In risk analysis people tend to prefer bounded distributions because, they argue, all real-world phenomena are bounded. But it is often difficult to know exactly where the bounds should be, so it easy to get them wrong, and often there is no meaningful way of saying what they should be anyway. For example, if the height of the tallest human who has ever lived is $$h \, \textrm{cm}$$ then can you really say that it is impossible for someone ever to grow as tall as $$(h + 1)\textrm{cm}$$? If not, should you take $$(h + 1)$$ as the upper bound? And if not that, should it be $$(h + 2)$$ and so on ad-infinitum?

Many real phenomena actually do conform to unbounded distributions, with apparent boundedness resulting from the low probability of values far from the mean rather than an actual hard upper or lower bound. For example, although the normal distribution extends to infinity in both directions, its probability density becomes very small very fast as you move away from the mean in either direction. The probability of a normal random variable turning out greater than six standard deviations from the mean is smaller than the probability of winning the EuroMillions jackpot. This means that using it in a risk simulation almost certainly won’t produce a value that far from the mean unless you use $$10^{10}$$ or more iterations. In fact, the real problem with the normal is that it tails off too fast and in many cases actually underestimates the risk of values far from the mean.

Fortunately, the maximum entropy method can easily handle unbounded situations.
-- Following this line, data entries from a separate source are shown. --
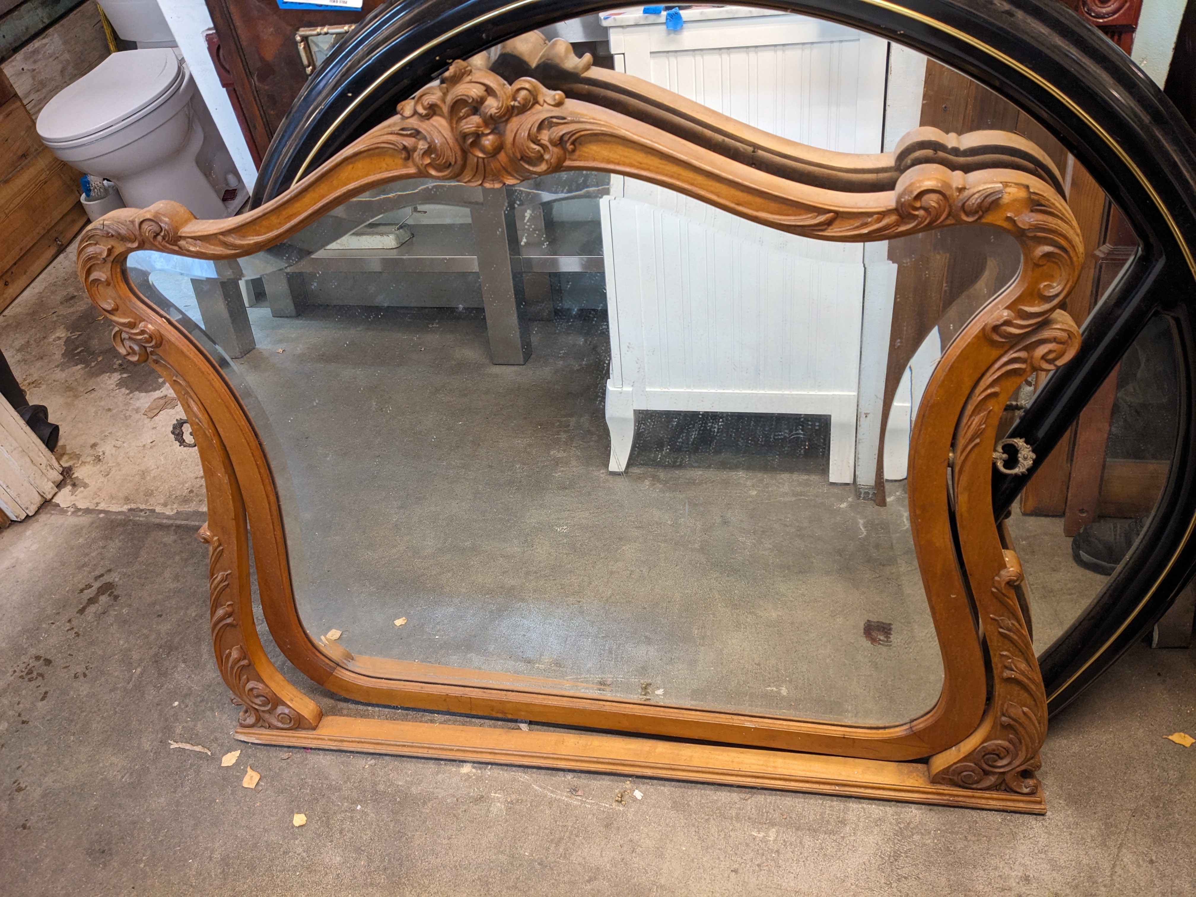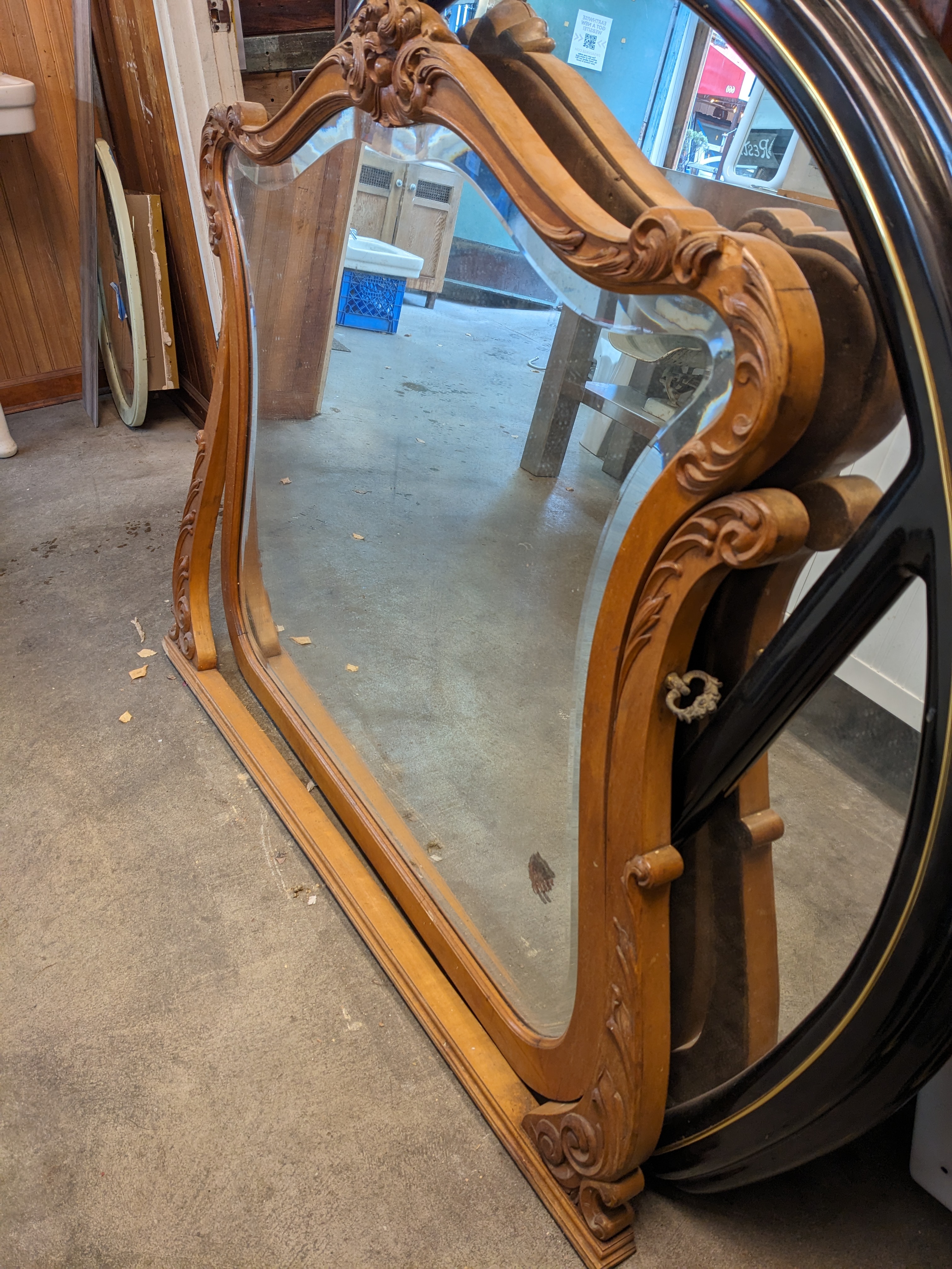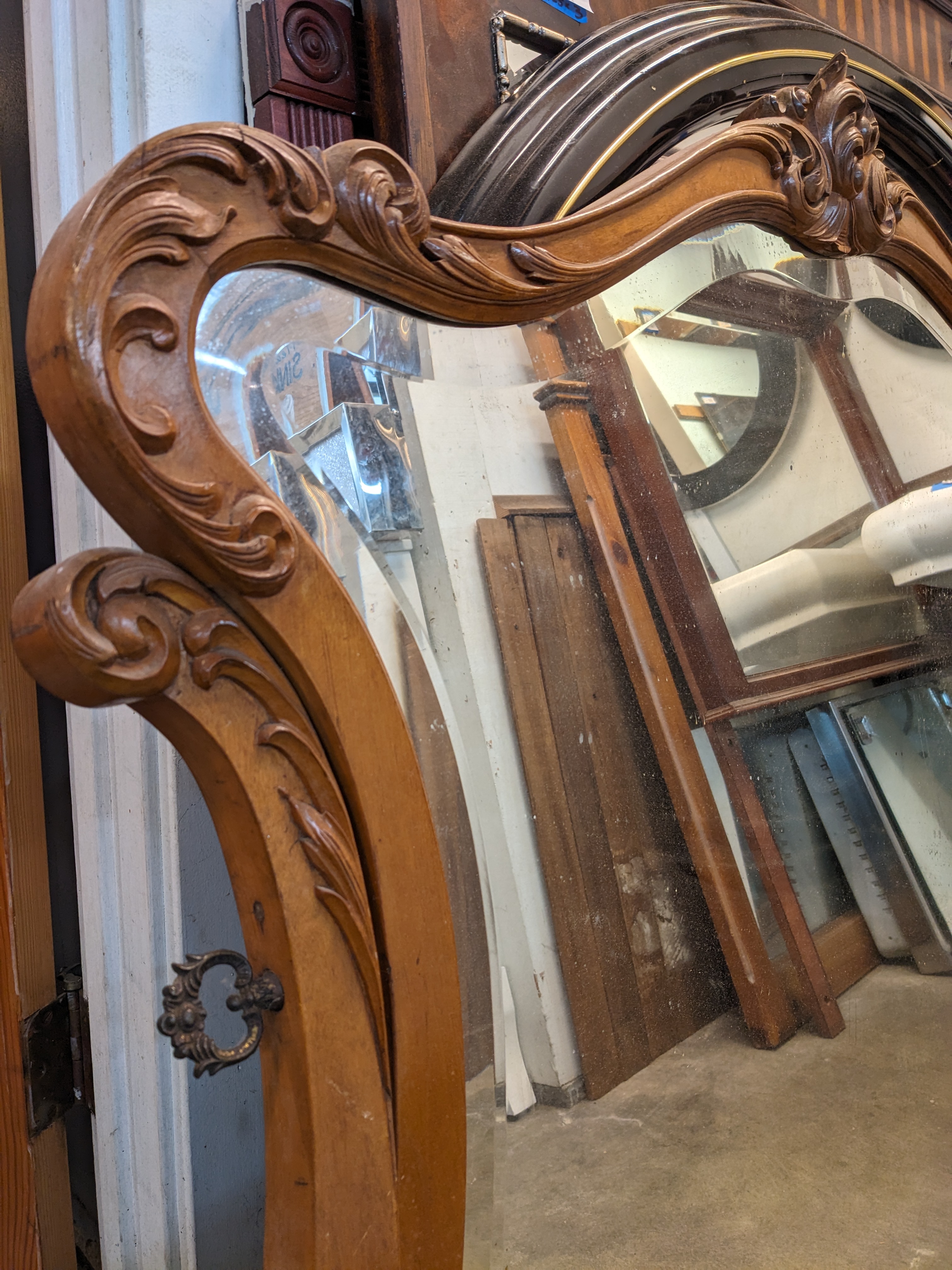 Gorgeousssssss jumbo-size wood carved mirror. Mirror swings in its frame, making it the perfect vanity mirror for your next project (or perhaps leave as is) ((it's your life))
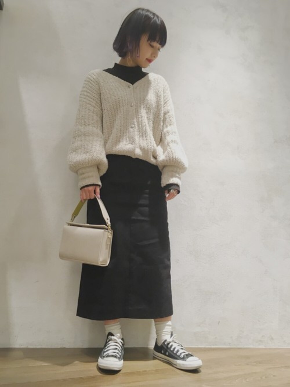 柔らかい生地のカーディガンは着心地◎ バルンスリーブ×タイトスカートでメリハリのあるスタイリングにしました☆
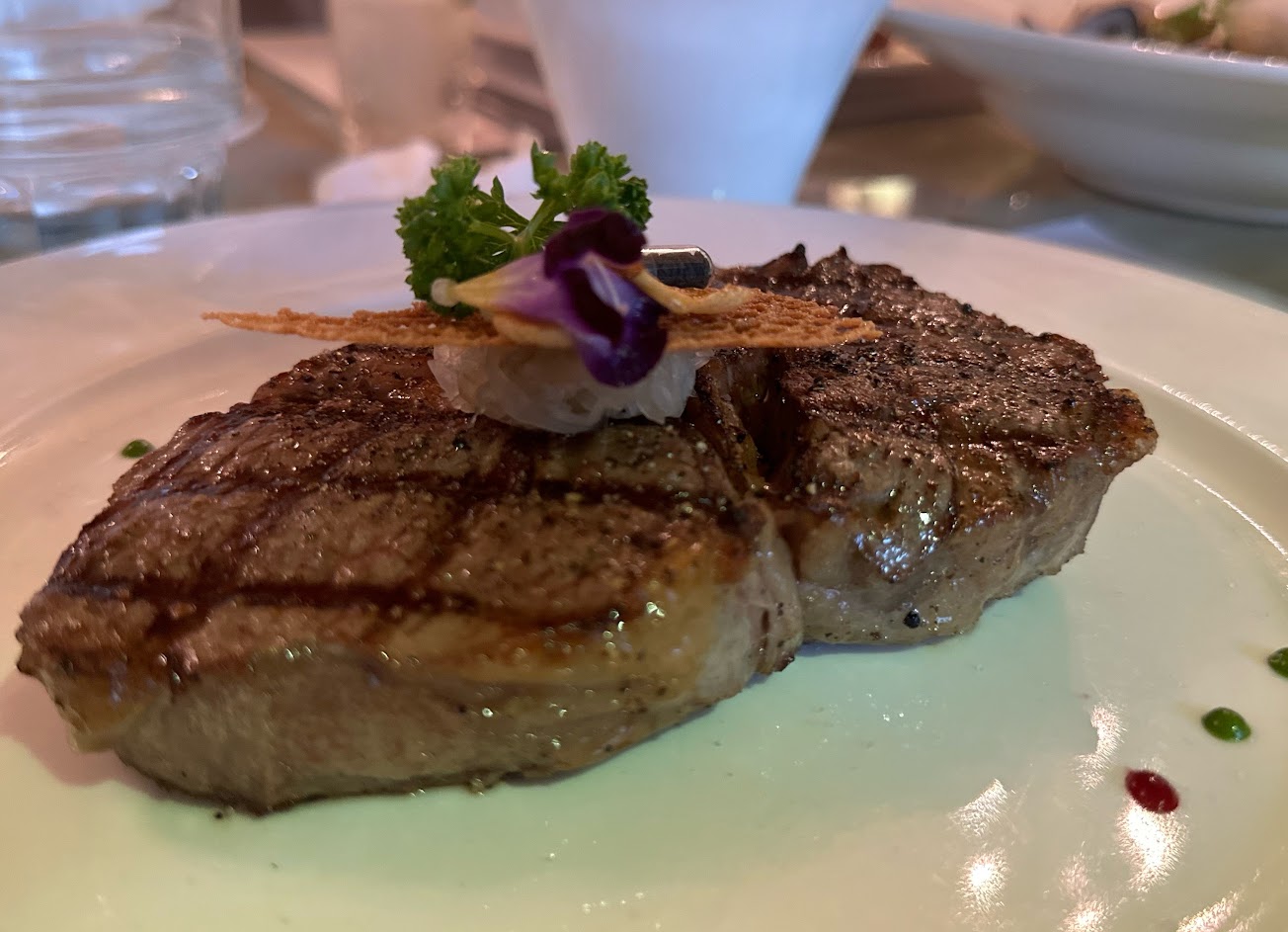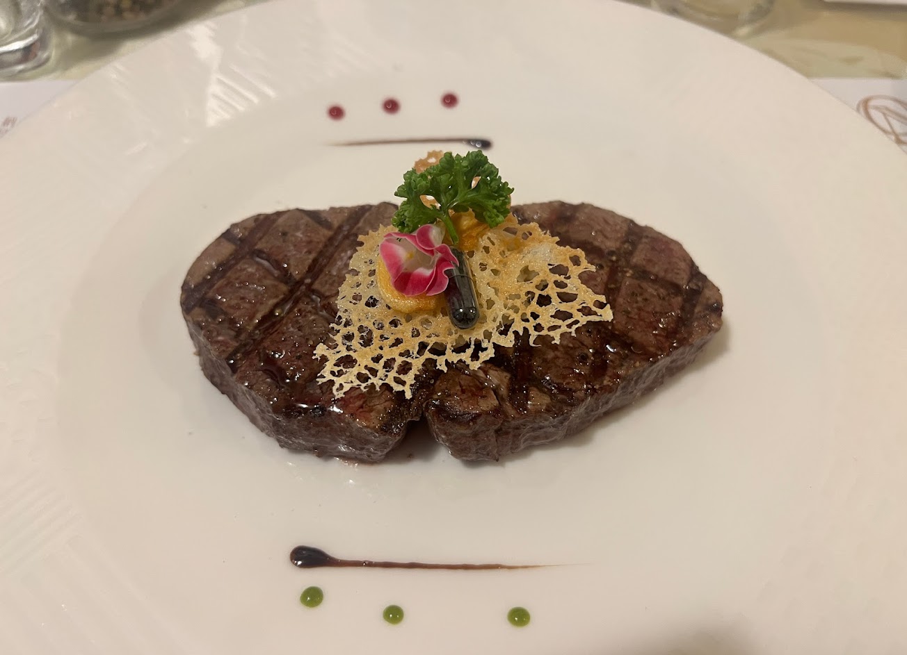 餐廳小小的,座位也不是很多,總是客滿狀態,點餐後會依序送上開胃菜、沙拉、湯、麵包及sorbet,連同餐後水果及飲品,每款餐點都可以續,不僅可以續不同品項,像沙拉及水果都可以針對自己喜歡的細項添加、避免浪費,是超貼心的設計,很容易在主餐上桌前就已經撐到不行XD牛排類主餐也都完全符合預期(小提醒:當天的老饕肋眼相對於過去在其他高級牛排店吃到的偏油一些,不喜歡的人可以選擇菲力),不吃牛肉的長輩可以選擇德國豬腳,皮超香脆又不會硬,肉醃的很軟嫩,難怪開業幾十年屹立不搖。
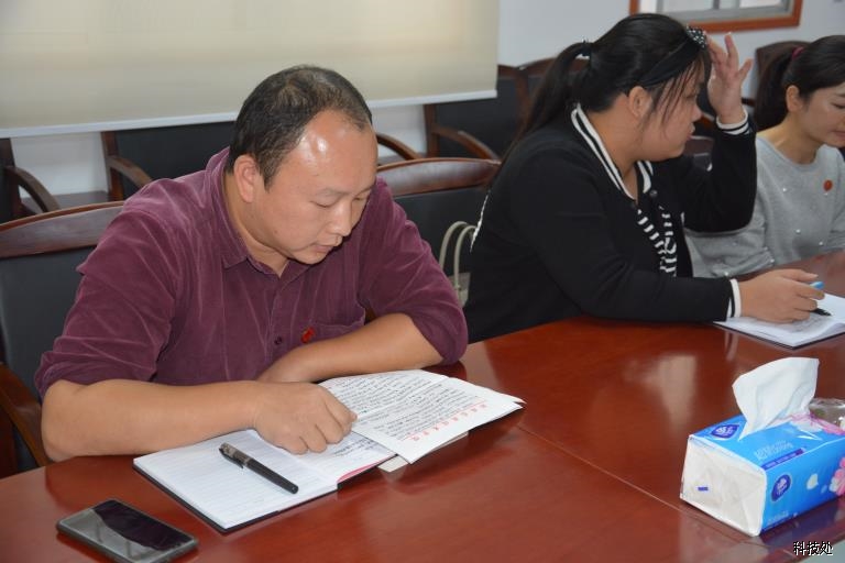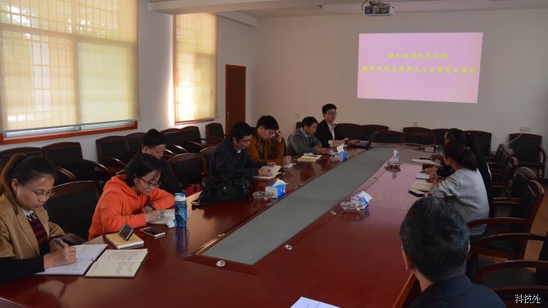 2017年10月26日下午4点,教务处党支部在新校区25栋104会议室举行了第二次主题党日活动。来自教务处、科技处、图书馆、实训中心四个部门的党员同志聚集在党旗下,学习领会中国共产党第十九次全国代表大会的新内容和新精神。
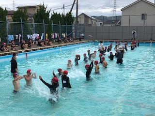 今年のプール授業の締めくくりは2年生です。壁につかまって頭をつけると真ん中に出てきて頭まで潜ります。それからジャンケンで負けた方がお地蔵さん、勝った方はお地蔵さんにたっぷりの水をかけてあげます♪
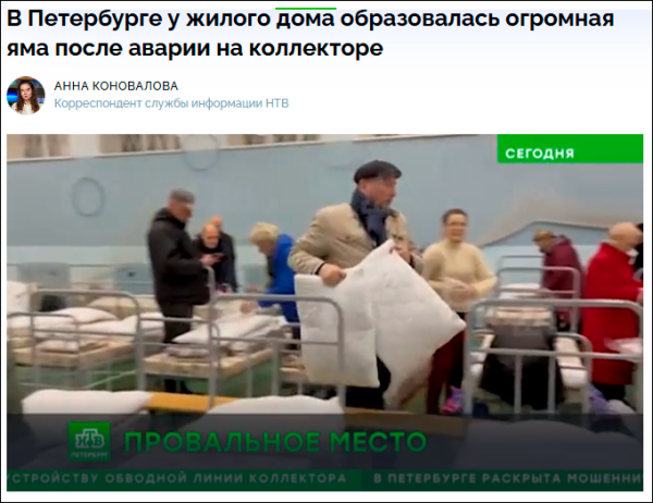 Эвакуированные жители размещаются на ночлег в школе, сайт телекомпании «НТВ», скриншот экрана
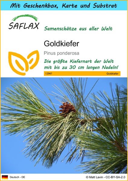 SAFLAX Geschenk Set - Goldkiefer - Pinus ponderosa - 20 Samen - Mit Geschenkbox, Versandaufkleber, Geschenkkarte und Anzuchtsubstrat
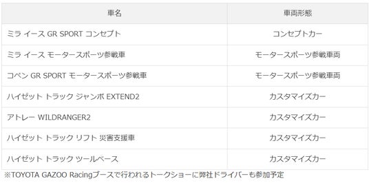 地域貢献では、災害支援を通じて得た知見をもとに、必要な電源やオリジナル防災セット等を搭載した「アトレー WILDRANGER2」や九州北部豪雨災害支援でボランティア サテライトセンターとして活躍した「ハイゼット トラック リフト 災害支援車」、工事現場の作業環境を改善する「ハイゼット トラック ツールベース」を出展します。
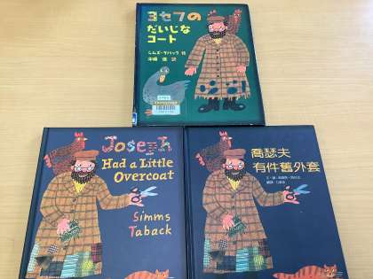 「ヨセフの大事なコート」という絵本は、日本語だけでなく、英語と中国語で書かれた物もあります。(写真の2枚目です。)
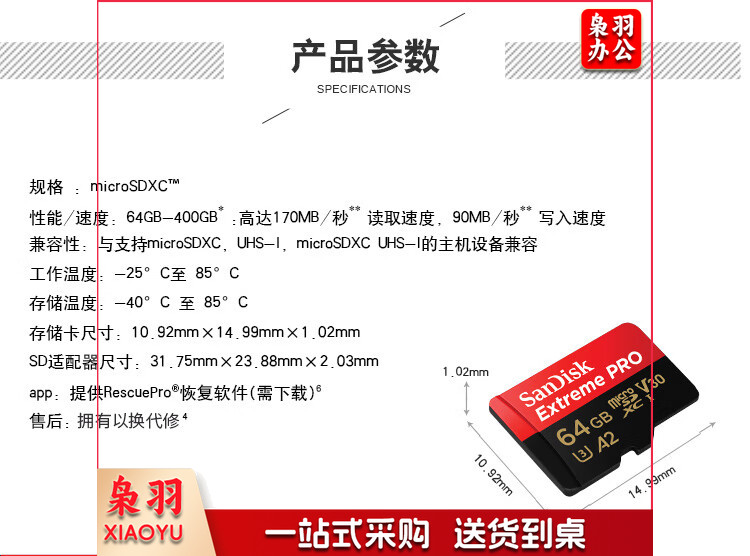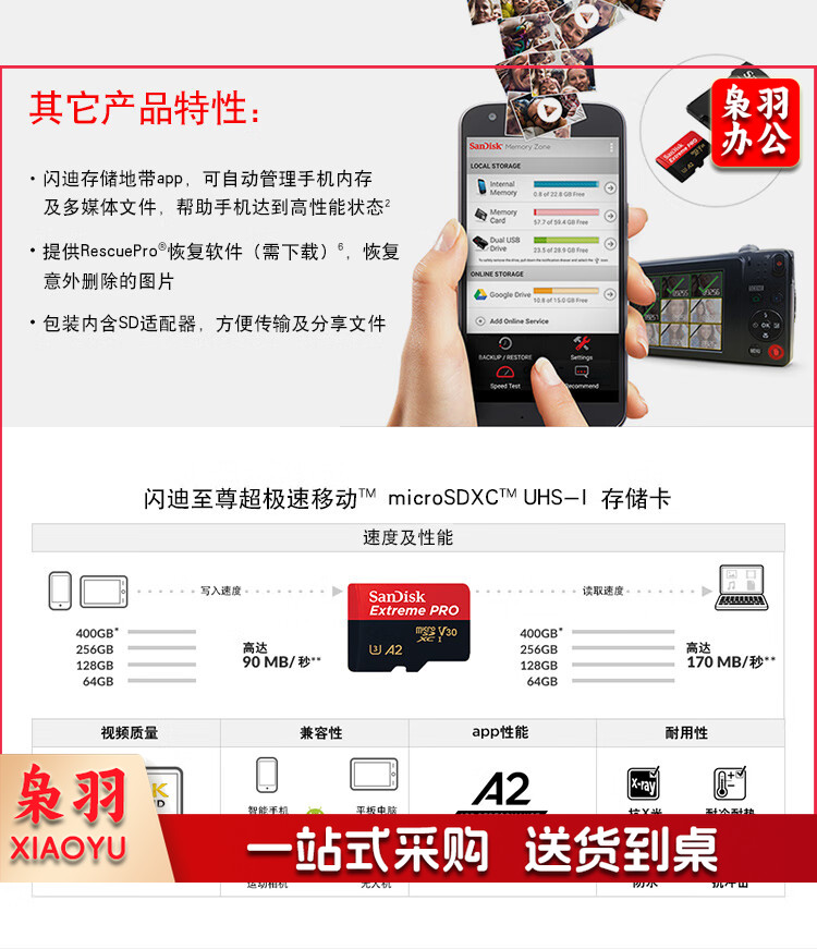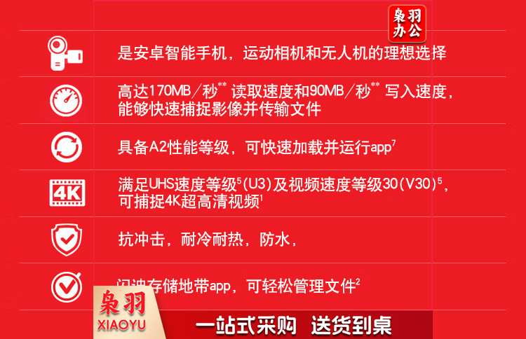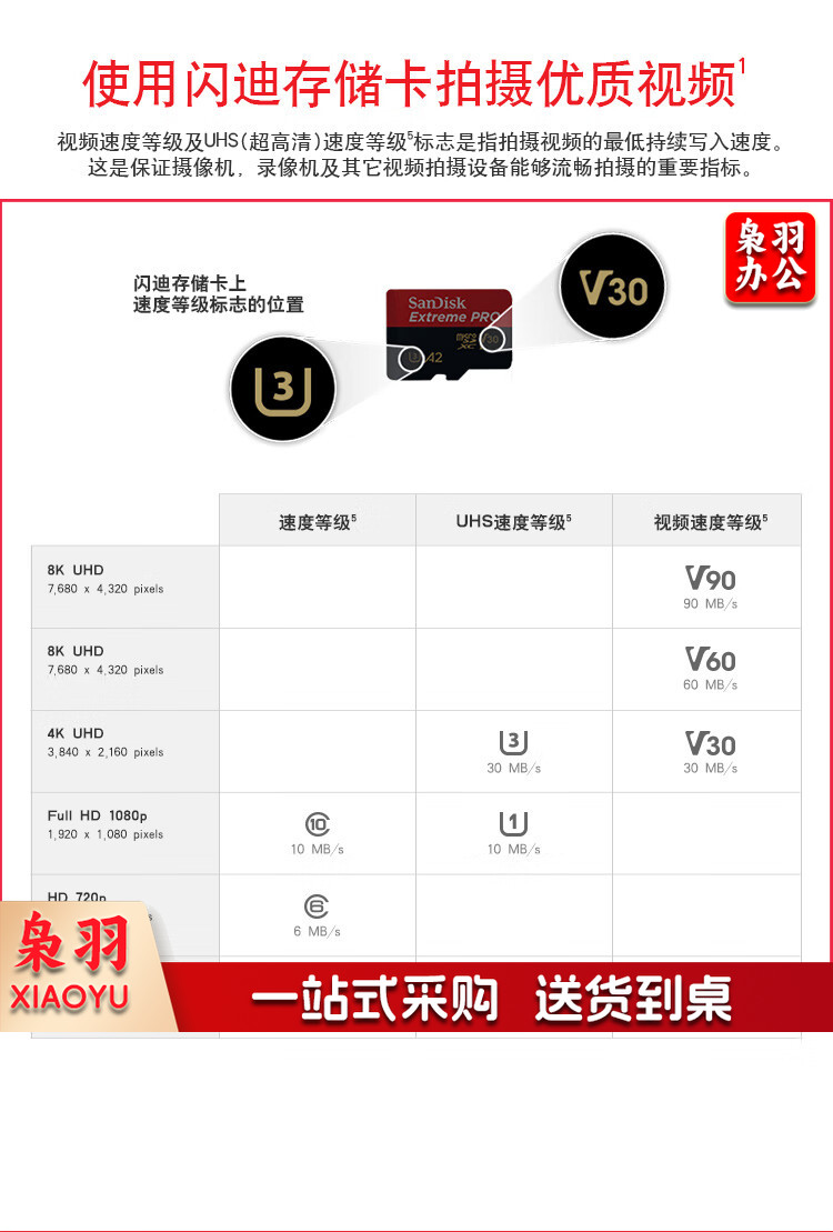 闪迪(SanDisk)64GB TF(MicroSD)存储卡 U3 C10 A2 V30 4K 至尊超极速移动版内存卡 读速170MB/s

A useful one for risk analysis is obtained by maximising the entropy subject to the constraints that $$X$$ has a specified lower bound $$x_0$$ and mean $$\mu$$, but no upper bound. This turns out to be the exponential distribution:

$$$$f_X(x) = \begin{cases} \lambda e^{-\lambda (x – x_0)} & x \geqslant 0 \\ 0 & \textrm{otherwise} \end{cases}$$$$

This turns ‘three point estimation’ into ‘two point estimation’. If $$x_0 = 0$$ it can be used for variables that cannot be negative, which is often the case with the costs of things, though not always, as sometimes someone might pay you to take an item off their hands.

There are lots of other maximum entropy distributions that you can use corresponding to various constraints, but it would be deviating too much from the purpose of this article to go into these, as well as making it massively longer, so this is probably a good place to stop.

So, in conclusion, after all this you may be wondering exactly what the triangular distribution is useful for. So am I.

If you have been, thanks for reading!